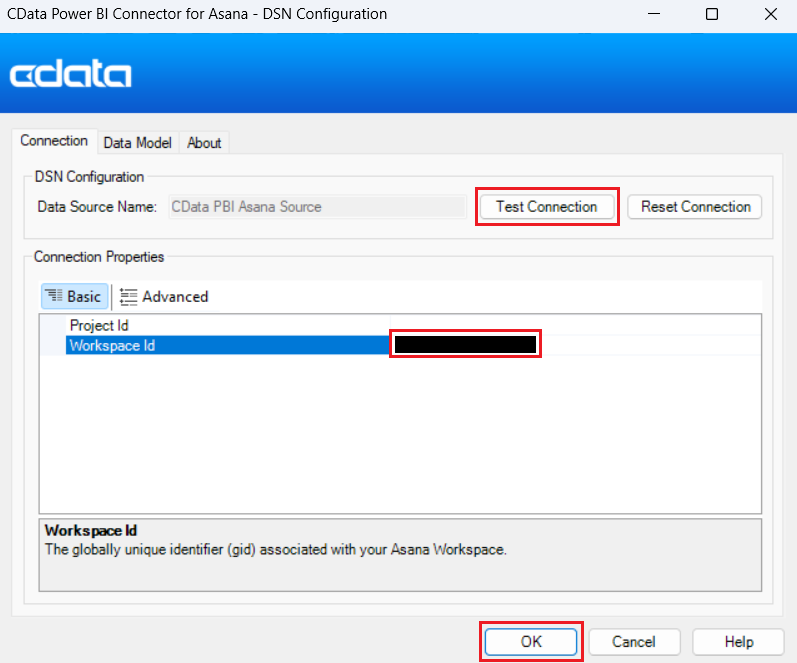 Click OK to complete the connection. Note down the DSN or Data Source Name (the default is "CData PBI Asana Source") as you will use it in the next section.
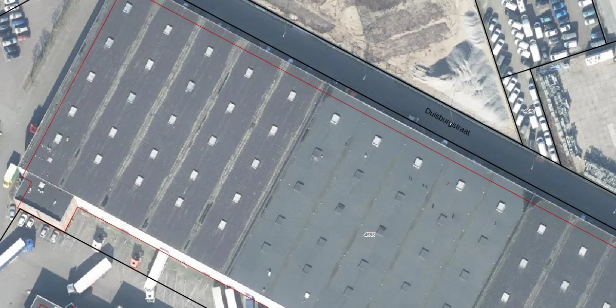 Het perceel waarop Duisburgstraat 4 staat heeft een oppervlakte van 2,2 ha. Dit is een zeer groot perceel. De perceeloppervlakte wordt geregistreerd door het Kadaster. Gedetailleerde informatie over de maten van dit perceel kunt u vinden in het rapport Kadastrale kaart met maatvoering van Duisburgstraat 4.
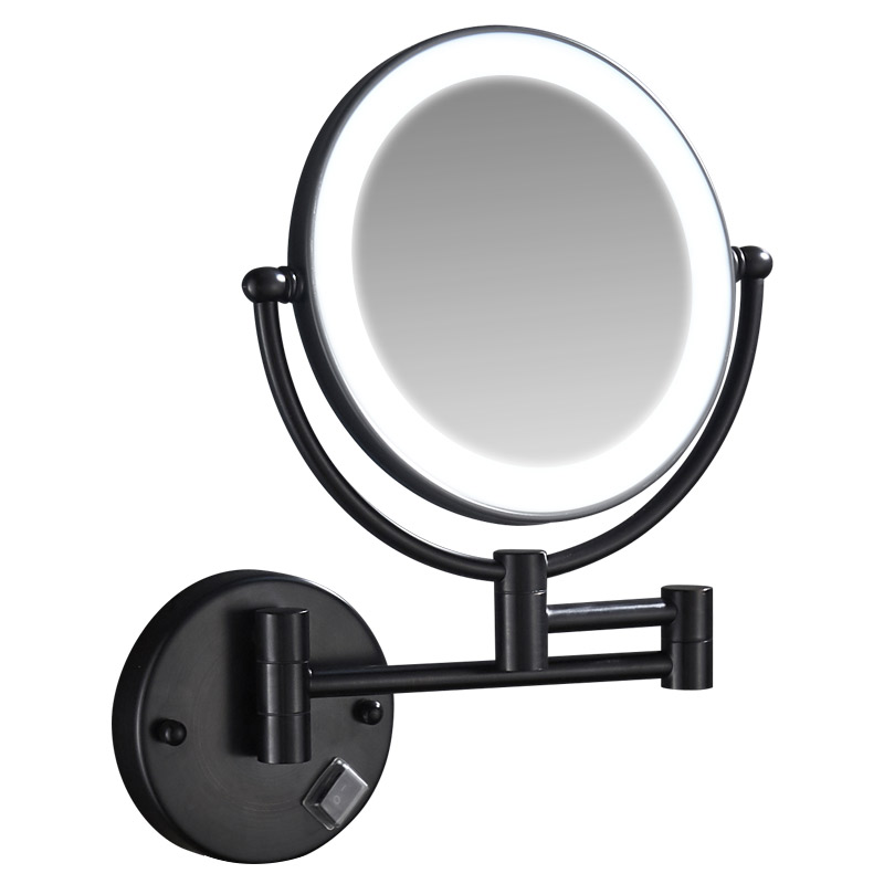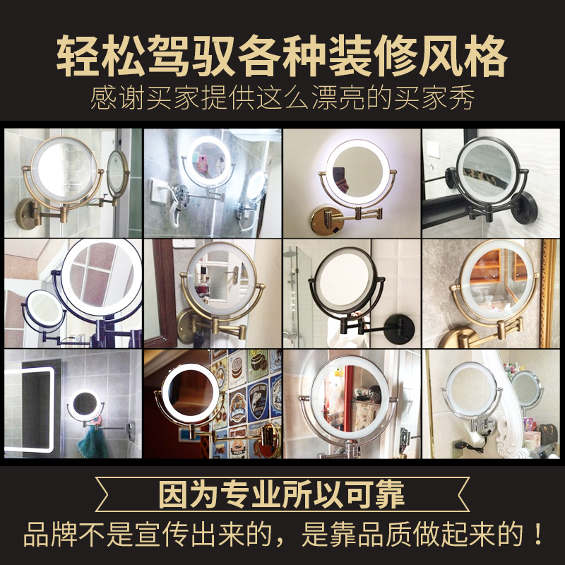 LED makeup mirror Hole-free folding mirror Bathroom telescopic beauty mirror Hotel powder room wall-mounted double-sided mirror with light

**TASK GOAL:** Whenever images occur above, omit them and retype each line exactly as it stands.

**REPLY TO THE TASK:**
 Click OK to complete the connection. Note down the DSN or Data Source Name (the default is "CData PBI Asana Source") as you will use it in the next section.
 Het perceel waarop Duisburgstraat 4 staat heeft een oppervlakte van 2,2 ha. Dit is een zeer groot perceel. De perceeloppervlakte wordt geregistreerd door het Kadaster. Gedetailleerde informatie over de maten van dit perceel kunt u vinden in het rapport Kadastrale kaart met maatvoering van Duisburgstraat 4.
 LED makeup mirror Hole-free folding mirror Bathroom telescopic beauty mirror Hotel powder room wall-mounted double-sided mirror with light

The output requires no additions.